The headline shift is simple: building software is getting cheaper and faster, but making it work inside an enterprise remains hard. In this piece, we highlight what enterprises need to get right to build successful applications, and what opportunities founders can capitalise on to support enterprises along this journey.
Why now for enterprise AI-native app development?
Enterprises are not trying to build one new app – they are trying to build dozens.
In an Outsystems survey of 1,700 CIOs, 74% of organisations planned to build 10 or more apps in the next 12 months, and 45% planned to build 25 or more. That demand is not driven by vanity projects. It’s driven by workflow fragmentation, regulatory pressure and customer experience expectations – and the realisation that AI is only truly valuable when it is embedded into day-to-day operations.

At the same time, leaders are getting more ambitious about what software should do. “Vibe-coding” has made prototyping feel instant, and it’s changing expectations inside businesses. Leaders now want to move from prototype tools to production-grade systems that scale reliably, and from low-context tools that work out-of-the-box to high-context builders that understand a company’s unique processes.
The result is a new category forming: AI-powered software that generates tailored working products inside complex organisations.
What is at stake?
There is a large market opportunity here, and it is growing fast. We estimate that the market is at least $54b in the UK, Europe and the US, with strong demand across enterprise and midmarket companies. This demand also cuts across multiple sectors.

But the main prize isn’t the size of the addressable market – it is the share of enterprise change that can be captured when “software work” shifts from a specialist bottleneck to a repeatable operating capability. By compressing build cycles, enterprises can reduce costs, unlock more iteration, faster operational improvement, and new classes of internal products that were previously uneconomic.
The demand is real, but enterprises remain structurally under-resourced. They lack the talent and the capacity to translate business intent into production systems at speed. And, even when they can build, they run into the next wall: most of the value in enterprise AI is not generic. It is custom. CIOs increasingly view “custom AI” as the next big thing, and buyers are explicitly saying they need customisation to get value rather than buying narrow solution vendors that require endless extensions.
Why most pilots fail
The harsh truth is that a lot of enterprise AI never makes it past the pilot stage. As an MIT Ananda study points out, there is an unfortunate funnel where 60% of projects are investigated, 20% are piloted, and only 5% are successfully implemented. The reasons cited for this are telling: brittle workflows, lack of contextual learning, and misalignment with day-to-day operations. Even when knowledge workers use AI personally, they often describe it as unreliable inside enterprise systems.

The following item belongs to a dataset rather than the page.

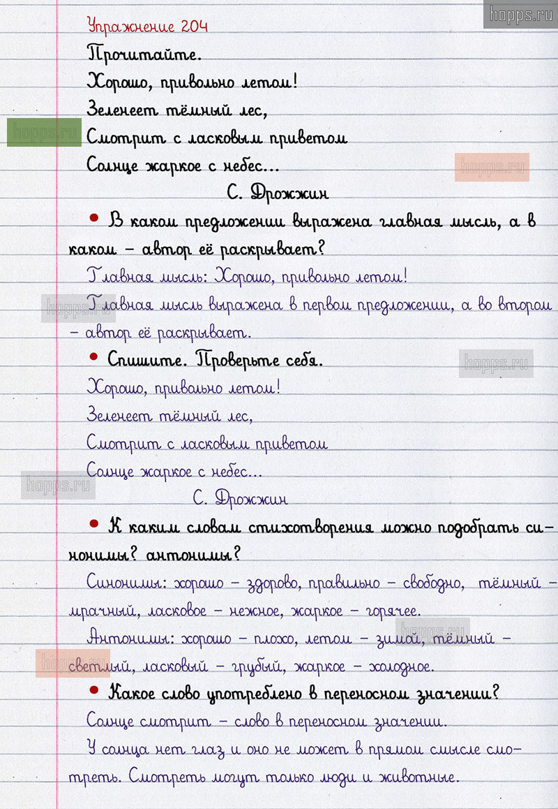 Подробные ответы к 204 упражнению 2 части учебника по русскому языку авторов В.П. Канакина, В.Г. Горецкий для учащихся 2 класса. Повторение.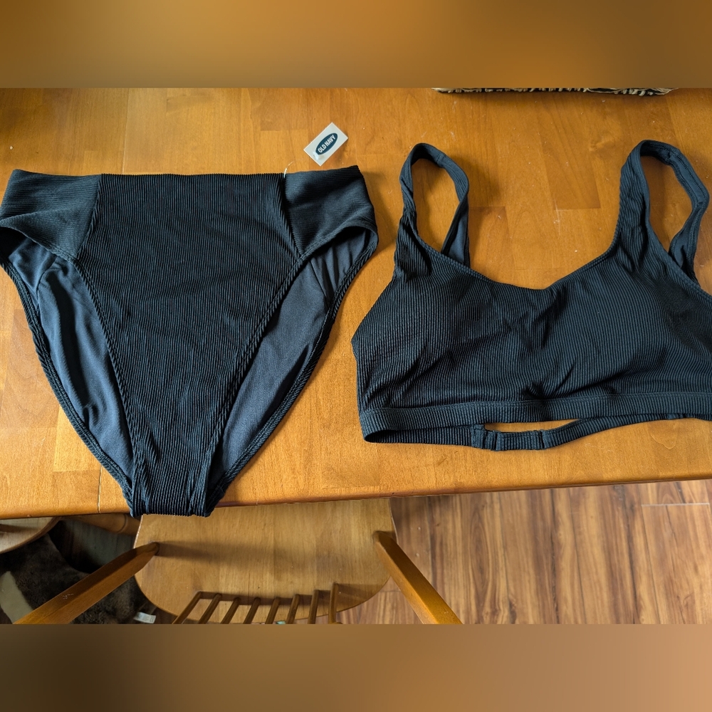 Old navy black ribbed bikini set. Includes a top and high-waisted bottom. The top has an adjustable back Top and bottom are both XXL and nwt

Enterprises typically fail at three points.
First, they underestimate data integration: customer records are spread across CRMs, ERPs, and legacy databases that were never designed to talk to each other, and in some industries the most critical data still lives offline or in proprietary formats. Second, they treat the AI application as a standalone product rather than embedding it into existing workflows, which means the people who are supposed to use it see it as extra work rather than better work. Third, they lack the governance infrastructure to move from experiment to production: no clear ownership, no model monitoring, and no audit trail. The result is a graveyard of impressive demos that never survived contact with operational reality.
How the competitive landscape is evolving
The market opportunity is enormous, so the competition is red-hot. We see the landscape splitting along two axes: who the user is, and how close the product sits to production systems.

Platform-plus-services players (for example Palantir, Distyl, Invisible Technologies, Cogna, SolveAI, Conduct) compete on their ability to translate enterprise complexity into deployed outcomes, not just developer productivity. At the same time, the lower-context end of the market will keep expanding via copilots, no-code builders and agent builders, because prototyping is now essentially free.
What it will take to win
We believe the companies that will win in this space will become the default data layer for their customers. They will need to ingest customers’ data and interpret how each organisation actually works. They will work with data models, process exceptions, permissioning, legacy systems, and – crucially – the politics of change. Being able to execute this successfully is the difference between prototypes and production. We believe data within context will remain the enduring moat.
Once companies are on track to securing this, we see many practical ways for startups to deepen their moat:
- Go deep in a vertical by selling applications that produce high ROI in repeatable domains. Here we have seen companies build durable moats by consolidating use cases across singular verticals. Outstanding examples have included financial services, oil & gas, manufacturing – industries with custom workflows that benefit from specialism and focus. Our portfolio company Quantexa, for example, works with 75% of the world’s biggest banks, serving multiple mission critical use cases from anti-money laundering to customer intelligence.
- Build cross-vertical capability that becomes an enterprise standard for building, deploying, and governing AI-enabled workflows. Here, horizontal excellence is required to enable high quality app building across different industries. Our portfolio company Dataiku, for example, provides broad based generative AI, analytics and ML solutions to 25% of the Fortune 500. They sell a platform that enables many kinds of use cases.
- Distribution through the builders of enterprise reality. The most credible routes to market often run through channels that already implement change: system integrators, cloud providers, strategy consultancies, and major application ecosystems. Partnership-led distribution and integration can help break through enterprise noise. Our portfolio company Blackwall is successfully reaching millions of small and mid-market customers via hosting providers, who are already the channel of choice for small companies.
We’re excited to partner with the teams shaping what the next generation of enterprise AI will look like. If you’re one of those teams, please reach out! You can find us at shamillah@dawncapital.com and alexandra@dawncapital.com.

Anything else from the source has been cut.